LP Edition of 500. Co-Released with Low Company Records
$24
We are most pleased to present the seventh LP by The Doozer, now based in Edinburgh, but still creating a sound we feel has deep roots in Cambridge England. Convalescence is a somewhat sparser trip than his last album, 2018’s Figurines (FTR 360), but the quality of the songs will be balm to those who have missed his presence.
With gentle accompaniment from multi-instrumentalist Ben Kingsbury, Lance Whitehead and Eddie Goodban, the tracks here were recorded in Edinburgh in the summer of 2019, before the shit hit the fans, but some of the songs feel as though they were precipitated by a personal apocalypse, and I’m pretty sure that’s something we can all empathize with at this point in the time/space continuum. The sense one gets is that the songs collected here are deigned to help us all rebuild that which has collapsed around us.
This is not on infer that The Doozer has gone all instructional on us.
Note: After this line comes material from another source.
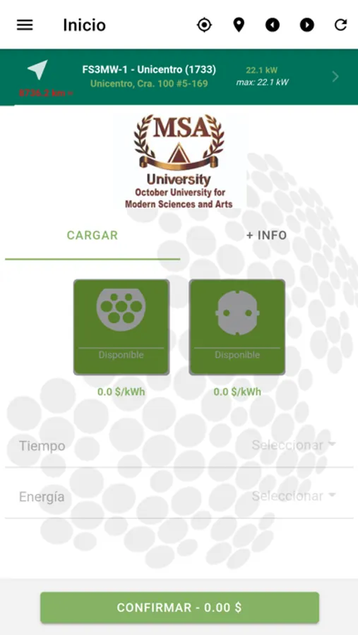 Link2Green muestra la ubicación, la información y el estado de los distintos cargadores, permite al cliente activarlos e iniciar una carga, mostrándole gráficamente el proceso en tiempo real.

One of the great features of his songs has always been their way of combining abstract confusion with observational clarity, allowing simple words to create abstract images. And that has not changed here. His brilliantly casual approach to this is what always makes people (like me anyway), think about his music in terms of extending the sweetest traditions of Syd Barrett and Nick Nicely.
There is darkness built into this music, but it is countered with illumination. And if you so choose, you can spend many pleasant hours exploring the many mysterious corners of Convalescence. And that would be the right thing to do!